The cover of When Megan Went Away
AuthorJane Severance
IllustratorTea Schook
LanguageEnglish
GenreChildren's picture book
PublisherLollipop Power
Publication date
1979
Publication placeUnited States
Media typePaperback
Pages32
ISBN9780914996224
OCLC6734819

When Megan Went Away is a 1979 picture book written by Jane Severance and illustrated by Tea Schook. The book, published by the independent press Lollipop Power, concerns a girl dealing with the departure of her mother's partner, Megan, after their separation. It is regarded as the first picture book to include LGBT characters, and specifically the first to feature lesbian characters, a distinction sometimes erroneously given to Lesléa Newman's Heather Has Two Mommies (1989).
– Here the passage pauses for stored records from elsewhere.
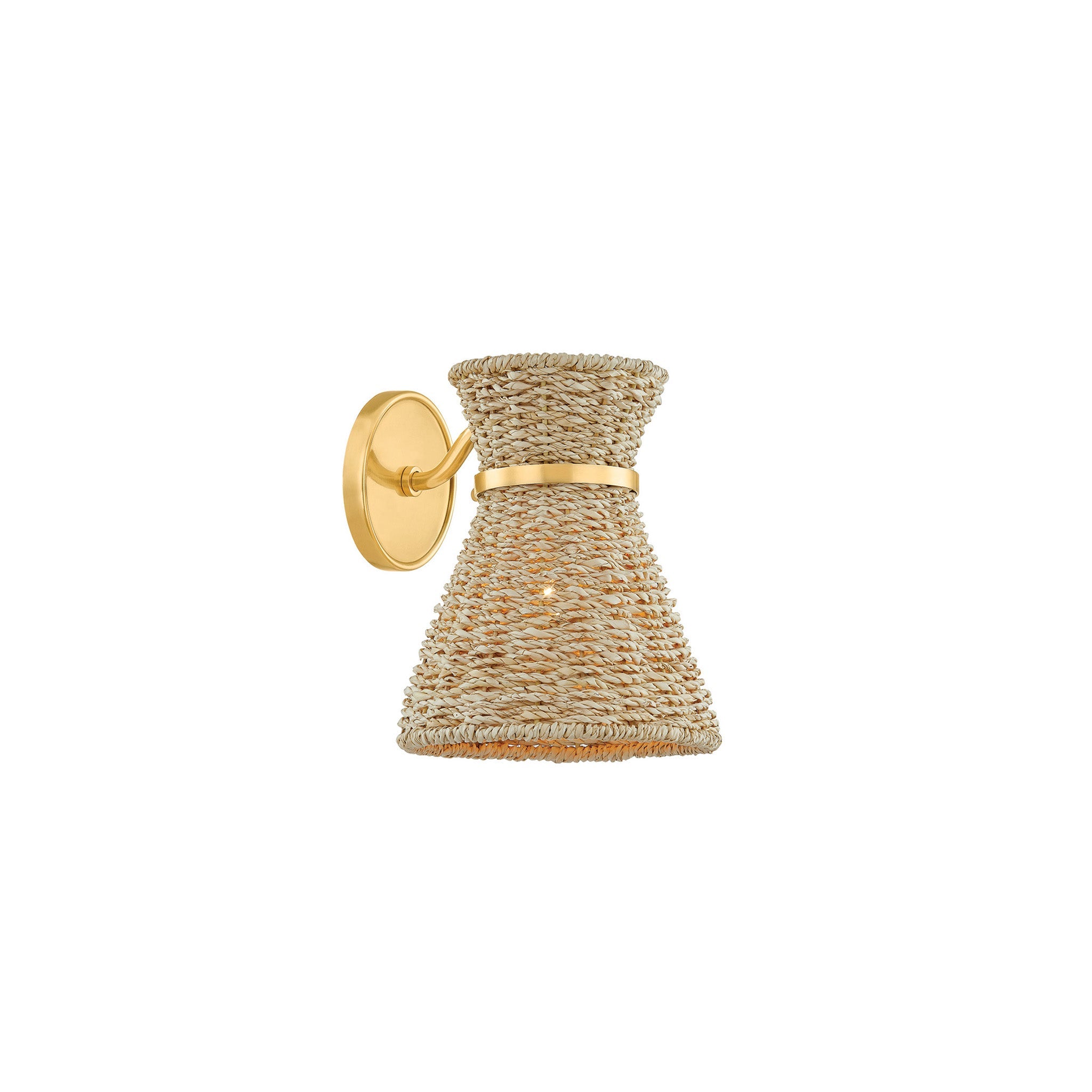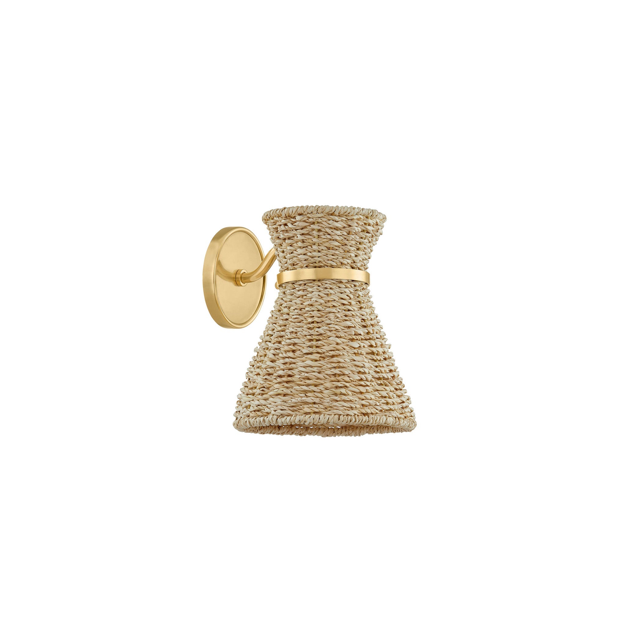 Juxtaposing natural seagrass with metal, the Jamie sconce brings a fresh dose of style to any wall. The shade has been handwoven, giving it the look and charm of traditional basketry. An Aged Brass arm wraps the top of the shade, creating a waist-like cinch that adds interest to Jamie's simplistic silhouette.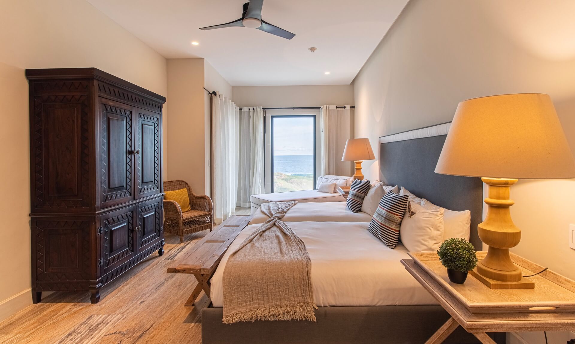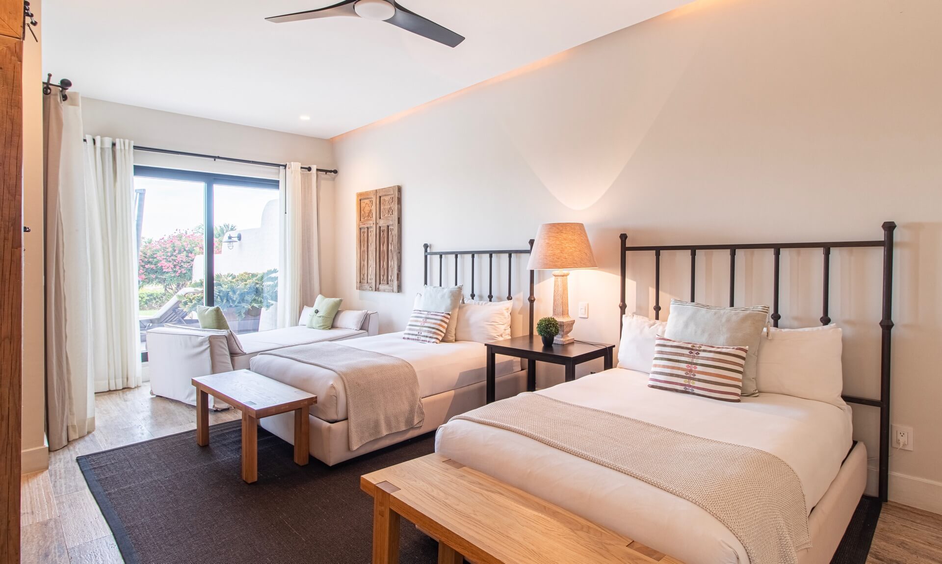 The Third Suite offers two double beds, a private bathroom, pool access, and captivating ocean views.
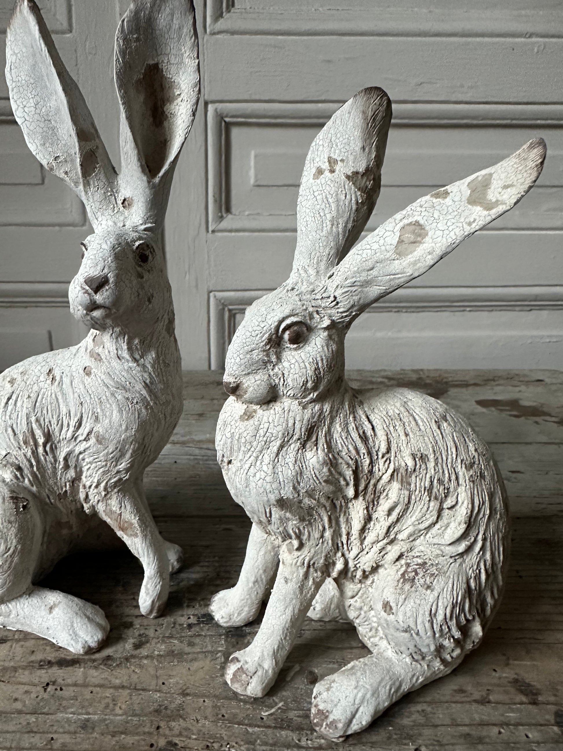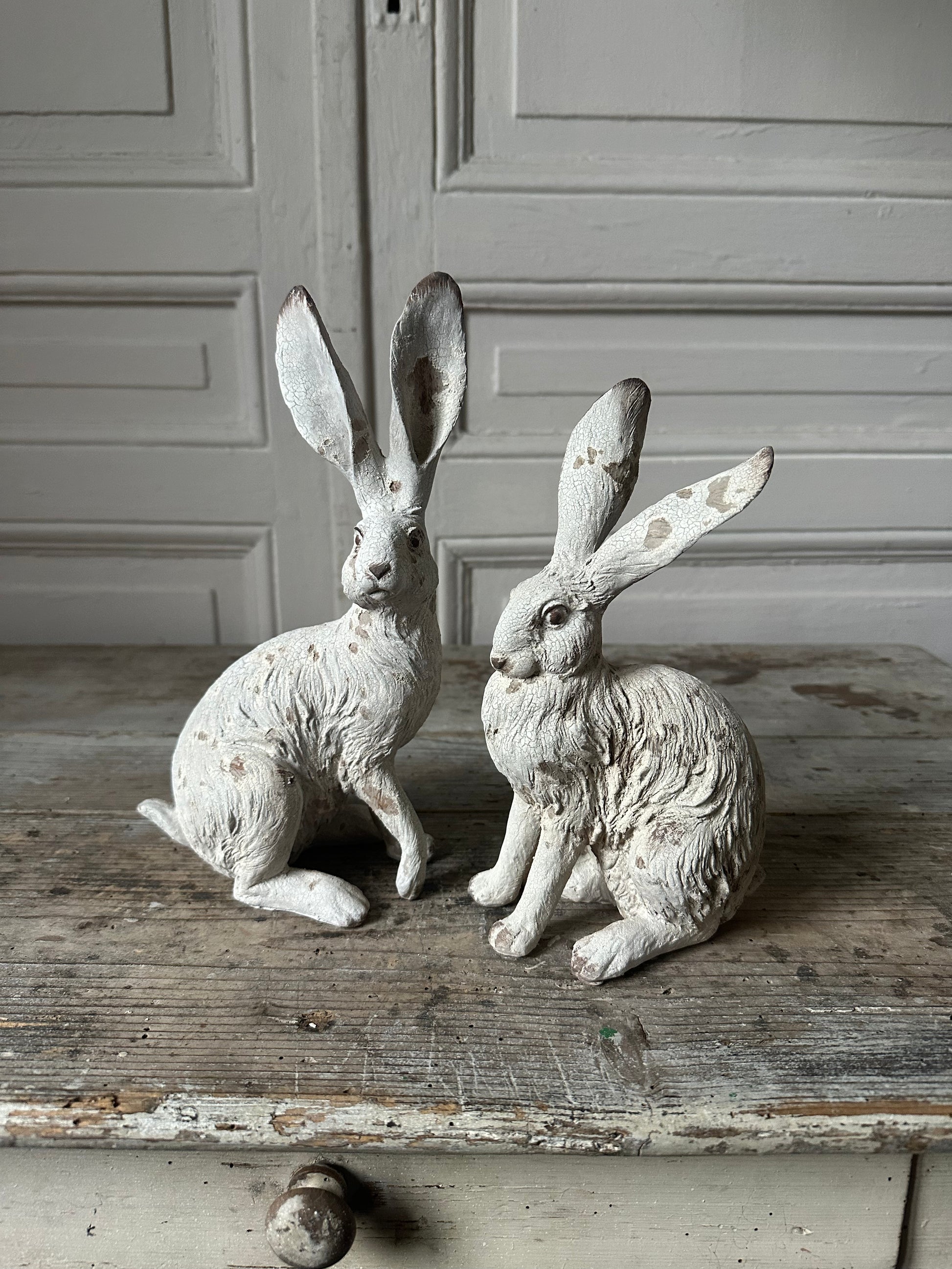 Paire de lapins en résine patinée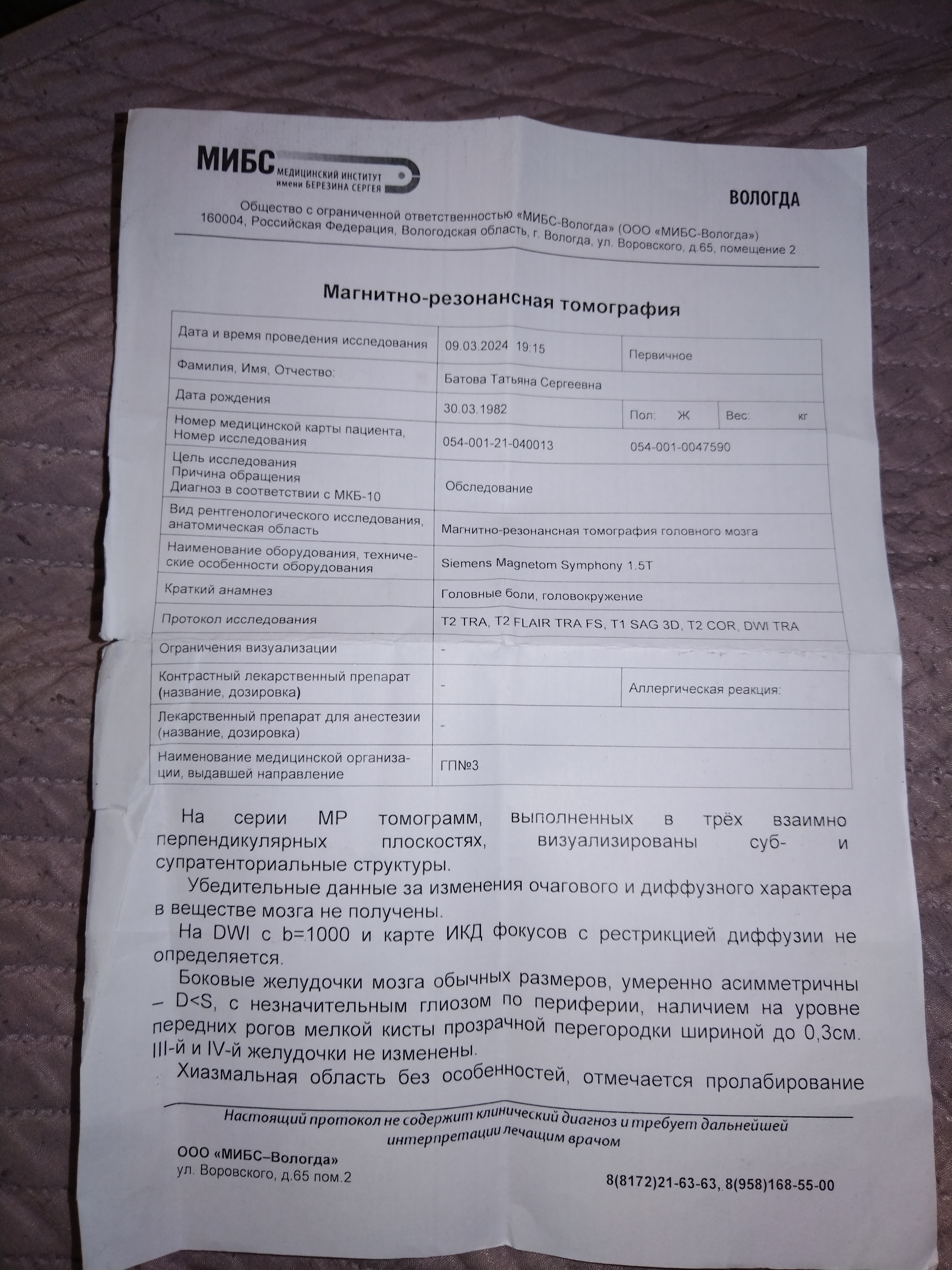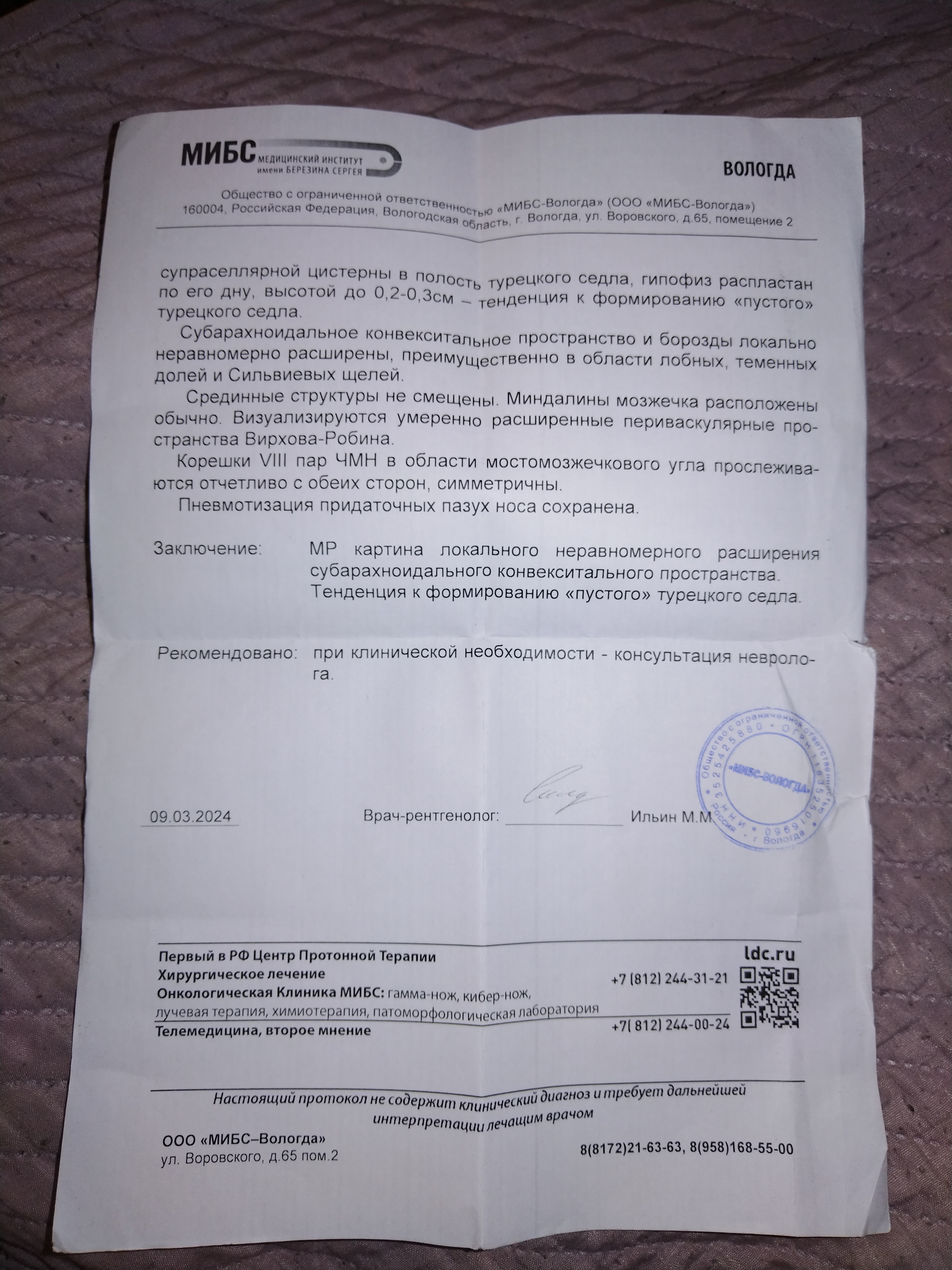 Вам необходимо обратиться к тому врачу, который назначил Вам это обследование. В Центре существует платная услуга - "Второе мнение". Вы можете записаться на консультацию к нашему специалисту и принести на прием свои исследования.
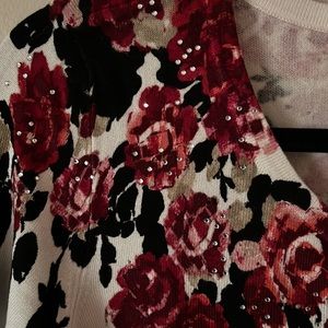 Scoop neck, snap closer, rose motif with rhinestones set in roses with 3/4 lengths sleeves. 89% rayon 31%nylon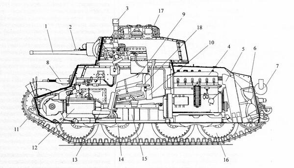 1 37-мм пушка; 2 7,92-мм пулемет ZB vz.37; 3 перископический прибор наблюдения; 4 двигатель; 5 радиатор; 6 вентилятор; 7 глушитель; 8 курсовой пулемет ZB vz.37; 9 ящик с 37-мм выстрелами; 10 огнетушитель; 11 буксирный крюк; 12 коробка передач; 13 сиденье стрелка-радиста; 14 тележка подвески; 15 коробки с пулеметными патронами; 16 опорный каток; 17 командирская башенка; 18 сиденье наводчика.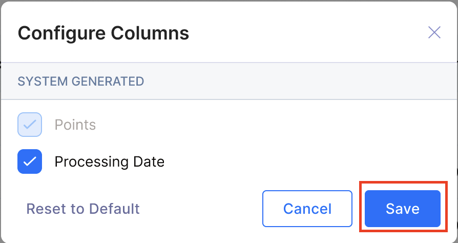 - Note: Default columns cannot be deselected.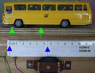 Grüner Pfeil vorn Lenkmagnet, hinten 2 Schaltpunkt Fahrzeugreedkontakt, Abstand dazwischen nur 45mm, Bus bleibt stehen, da Abstand vorderem Schaltpunkt des SRK in der Fahrbahn bis Mitte Stopp - spule 55mm (blauer Pfeil hinten) ist, daher 80mm Abstand zum SRK 2. Bei unseren selbstgebauten LKW ist der Abstand Magnet zum Schaltpunkt SRK hinten 35mm, die stoppen sich nicht selbst.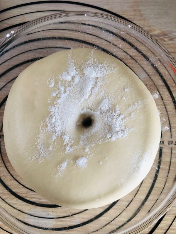 这时候面团也大概发酵好了。 现在天气热,我在室温下大概发酵了50分钟就可以了。面团发酵到两倍大,手指沾面粉戳一个洞不回缩或者缓慢回缩就可以了。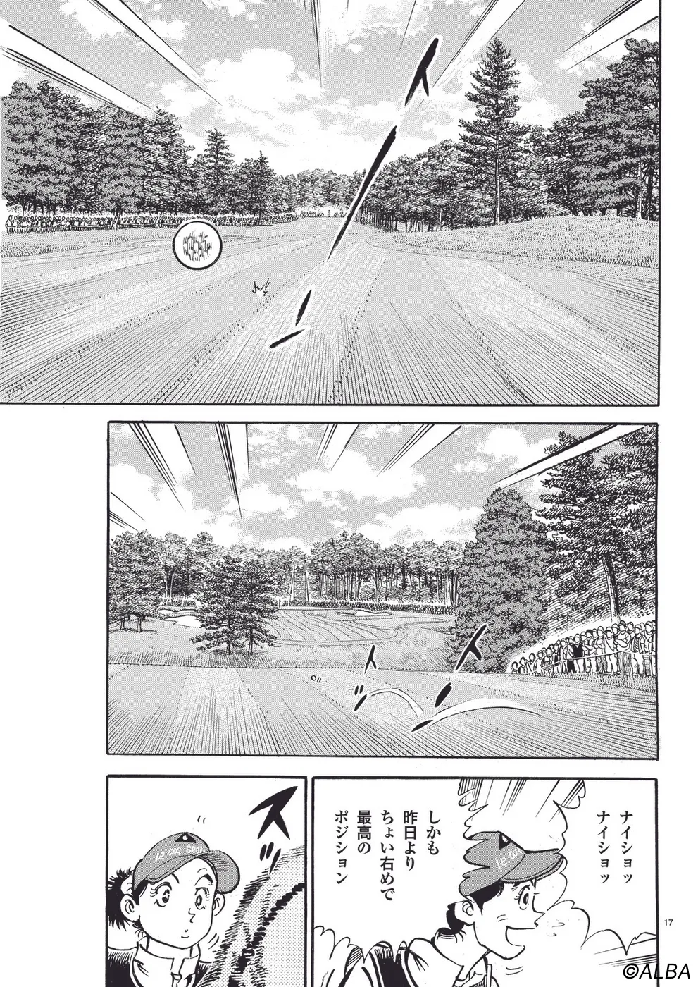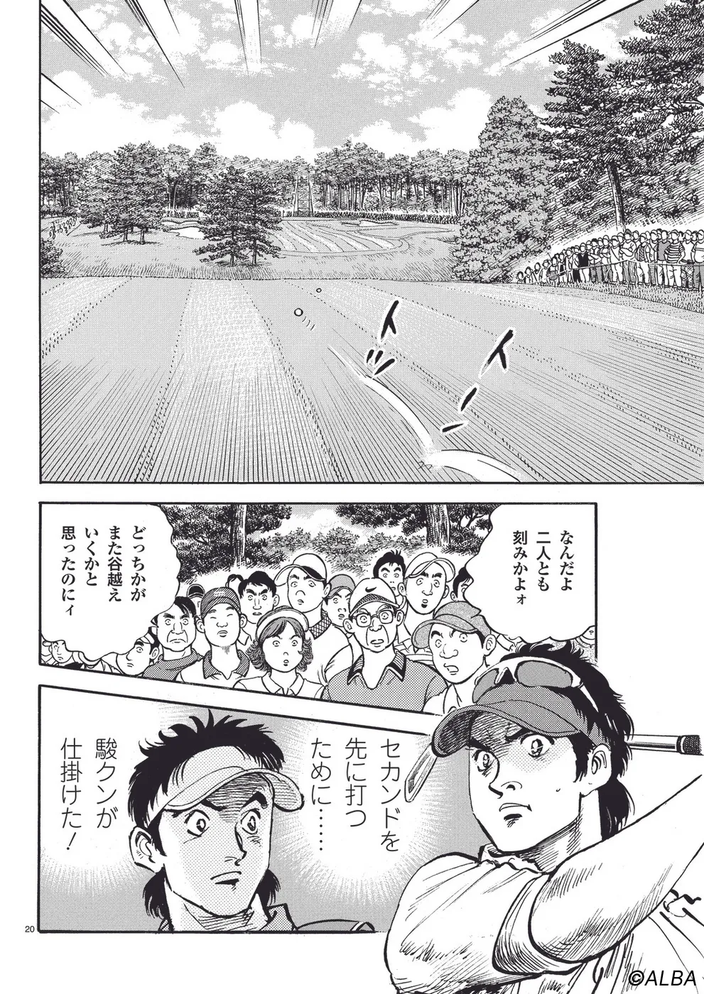 【第44巻あらすじ】日本オープン三日目。完全にマッチプレーの様相を呈してきた一丸と速水のライバル対決。お互いが持っている技を惜しみなく出し合い、無謀ともいえるクラブ選択や強気のパッティングの応酬など、一進一退の攻防を繰り広げる。

As a young lesbian working in a feminist bookstore in Denver in her early twenties, Severance sought to rectify the lack of picture book content she perceived for children with lesbian parents. When Megan Went Away was not widely distributed upon publication and was received divisively, with some praising the story for being an anti-sexist example of lesbian life and others finding its depiction of same-sex separation poorly timed, arriving at a moment when lesbian motherhood was on the rise. Copies of When Megan Went Away are primarily accessible in archives and library special collections as of the 2010s.

Plot

The "straightforward story"[1] centers around Shannon, a preteen girl whose mother's partner, Megan, has recently separated from Shannon's mother. Shannon wanders throughout her house, noticing items Megan has taken with her, as well as items that remain, reminding her of her mother's former partner. Shannon makes a dinner of sandwiches and milk for herself and her mother, and grows angry when her mother fails to eat the meal. In the darkness, the two cuddle beneath a blanket, reflecting on good and bad times they shared with Megan, and crying together. Later, exhausted, Shannon and her mother make their way to the kitchen where her mother fries them both hamburgers.

Background

Jane Severance was born in Moscow, Idaho, in 1957, and recalled attempting to write stories when she was seven years old, having "always wanted to be a writer".[2] She came out as a lesbian and moved to Denver to study education in college; she finished school after a decade but was teaching preschool by the late 1970s.[3] In Denver, she became involved with what she later characterized as "a very small subset of the lesbian community [...], the very young lesbian feminists" who ran a production company, a newspaper, and a feminist bookstore (Woman to Woman), and organized protests and marches.[4] Severance observed among her peers what she described as "some pretty wretched parenting", noting that the lack of older lesbian role models, dearth of education, plus poverty, mental illness, and substance abuse all contributed to the challenges in parenting faced by the community.[5]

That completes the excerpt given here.